* PROBLEM DESCRIPTION
When you reach the line containing "ഇതേ വീഡിയോ'അതീദയനീയമായ ഒരു" in the entries below, start writing out each line exactly, and stop after the line containing "2画面で作業効率アップ? 1".

* DATA
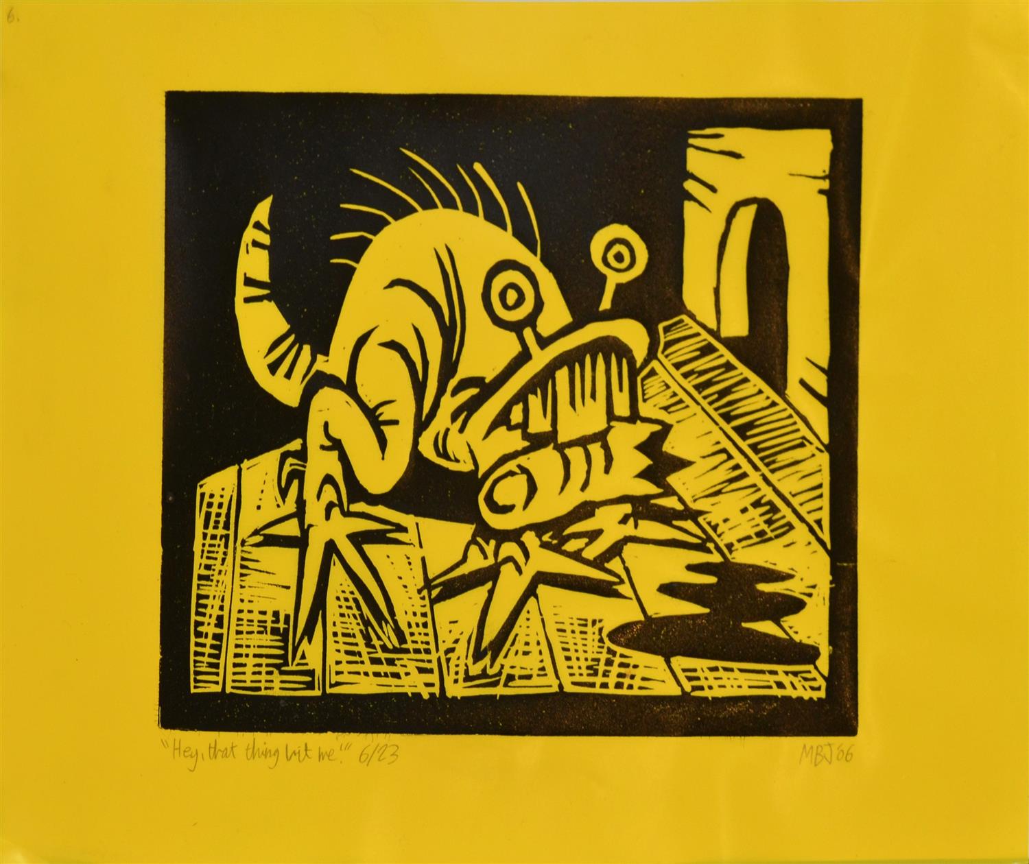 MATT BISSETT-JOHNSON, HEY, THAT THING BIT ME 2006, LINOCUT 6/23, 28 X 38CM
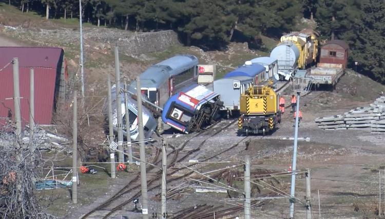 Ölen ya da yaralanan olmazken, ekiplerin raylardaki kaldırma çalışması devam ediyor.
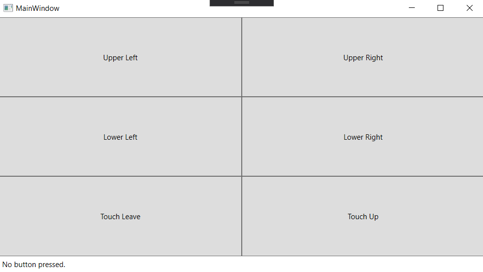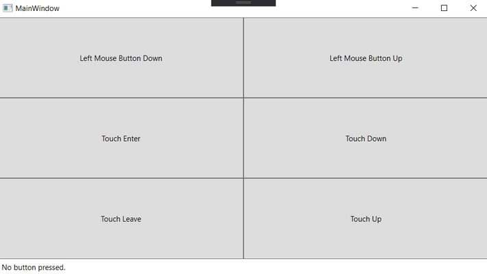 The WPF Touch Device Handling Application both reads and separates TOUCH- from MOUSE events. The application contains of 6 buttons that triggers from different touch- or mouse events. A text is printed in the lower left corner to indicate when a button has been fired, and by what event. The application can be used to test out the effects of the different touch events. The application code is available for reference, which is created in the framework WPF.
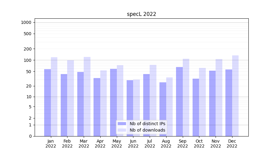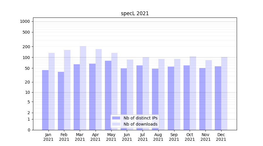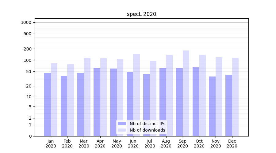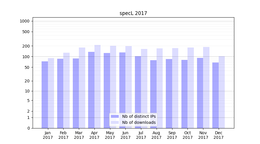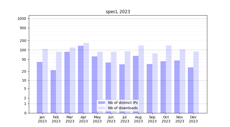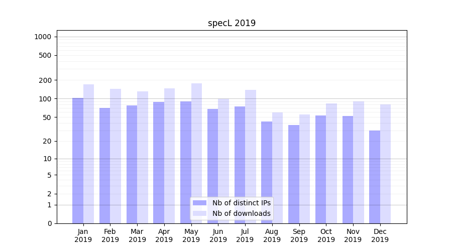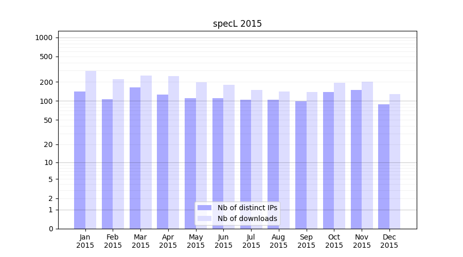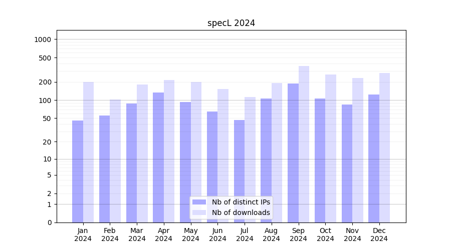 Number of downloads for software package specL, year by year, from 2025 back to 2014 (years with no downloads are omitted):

...

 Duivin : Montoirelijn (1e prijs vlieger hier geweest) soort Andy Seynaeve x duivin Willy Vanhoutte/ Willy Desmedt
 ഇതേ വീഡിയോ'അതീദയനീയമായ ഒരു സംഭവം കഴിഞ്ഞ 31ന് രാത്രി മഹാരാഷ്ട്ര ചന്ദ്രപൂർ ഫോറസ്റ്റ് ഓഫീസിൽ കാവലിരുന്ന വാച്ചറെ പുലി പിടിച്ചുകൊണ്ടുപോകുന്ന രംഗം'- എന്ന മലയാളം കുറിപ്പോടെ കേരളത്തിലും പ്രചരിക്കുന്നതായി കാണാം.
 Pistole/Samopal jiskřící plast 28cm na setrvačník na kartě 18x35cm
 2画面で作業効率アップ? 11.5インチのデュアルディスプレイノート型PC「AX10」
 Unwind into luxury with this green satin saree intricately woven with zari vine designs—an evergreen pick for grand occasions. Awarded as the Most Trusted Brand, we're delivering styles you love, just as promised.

==

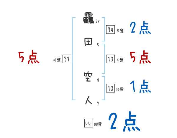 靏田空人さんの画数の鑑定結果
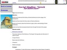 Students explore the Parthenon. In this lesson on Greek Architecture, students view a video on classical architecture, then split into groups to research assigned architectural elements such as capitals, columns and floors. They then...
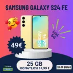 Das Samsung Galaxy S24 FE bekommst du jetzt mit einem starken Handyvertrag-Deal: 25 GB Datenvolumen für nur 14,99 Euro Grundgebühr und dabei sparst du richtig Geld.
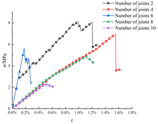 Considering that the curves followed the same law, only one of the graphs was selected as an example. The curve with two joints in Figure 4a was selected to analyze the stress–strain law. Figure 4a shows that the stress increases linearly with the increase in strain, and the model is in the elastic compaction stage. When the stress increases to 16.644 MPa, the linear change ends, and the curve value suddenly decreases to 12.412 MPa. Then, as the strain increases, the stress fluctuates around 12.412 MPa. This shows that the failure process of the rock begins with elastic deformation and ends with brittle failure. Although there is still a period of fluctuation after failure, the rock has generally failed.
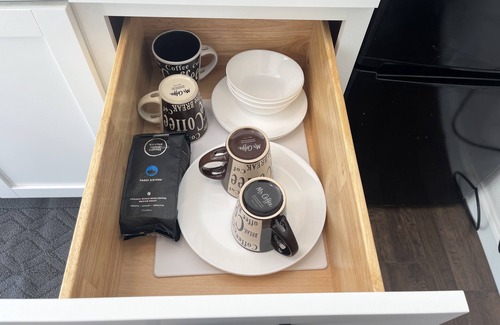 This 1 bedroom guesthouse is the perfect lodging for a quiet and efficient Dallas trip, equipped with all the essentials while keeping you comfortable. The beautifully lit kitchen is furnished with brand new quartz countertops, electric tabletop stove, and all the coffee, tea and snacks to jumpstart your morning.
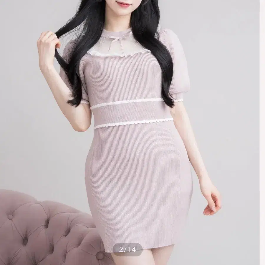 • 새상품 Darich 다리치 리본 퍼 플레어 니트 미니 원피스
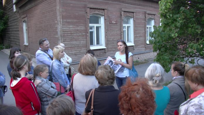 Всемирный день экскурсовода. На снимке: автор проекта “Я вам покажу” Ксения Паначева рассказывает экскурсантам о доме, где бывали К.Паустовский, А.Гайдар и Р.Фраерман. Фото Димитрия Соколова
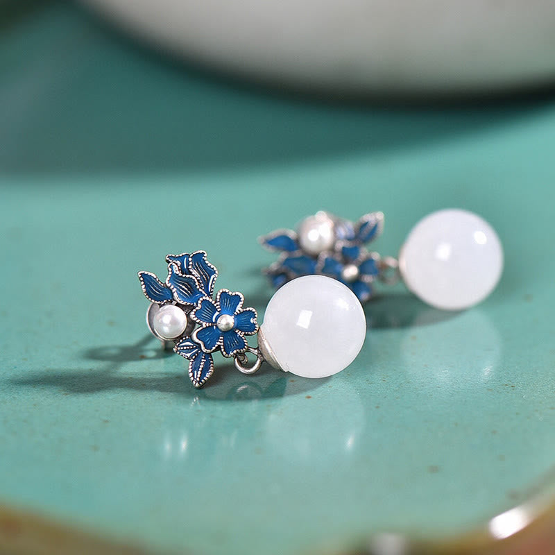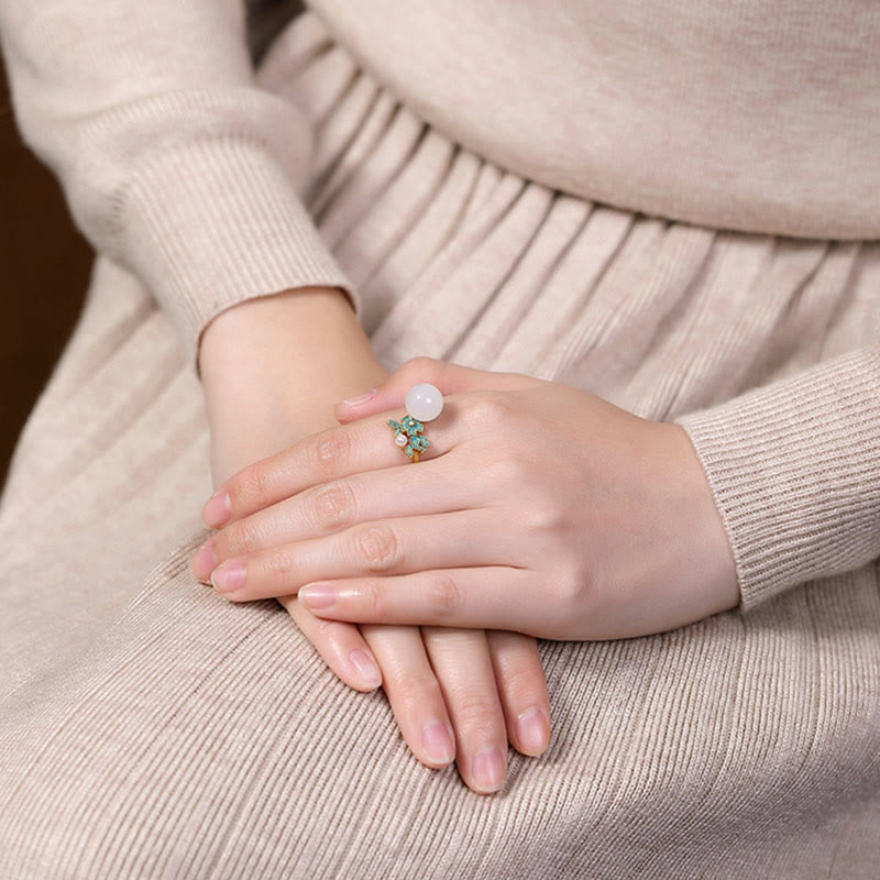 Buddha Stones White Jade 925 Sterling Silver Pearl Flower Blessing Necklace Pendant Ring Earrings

* WRITTEN ANSWER
 ഇതേ വീഡിയോ'അതീദയനീയമായ ഒരു സംഭവം കഴിഞ്ഞ 31ന് രാത്രി മഹാരാഷ്ട്ര ചന്ദ്രപൂർ ഫോറസ്റ്റ് ഓഫീസിൽ കാവലിരുന്ന വാച്ചറെ പുലി പിടിച്ചുകൊണ്ടുപോകുന്ന രംഗം'- എന്ന മലയാളം കുറിപ്പോടെ കേരളത്തിലും പ്രചരിക്കുന്നതായി കാണാം.
 Pistole/Samopal jiskřící plast 28cm na setrvačník na kartě 18x35cm
 2画面で作業効率アップ? 11.5インチのデュアルディスプレイノート型PC「AX10」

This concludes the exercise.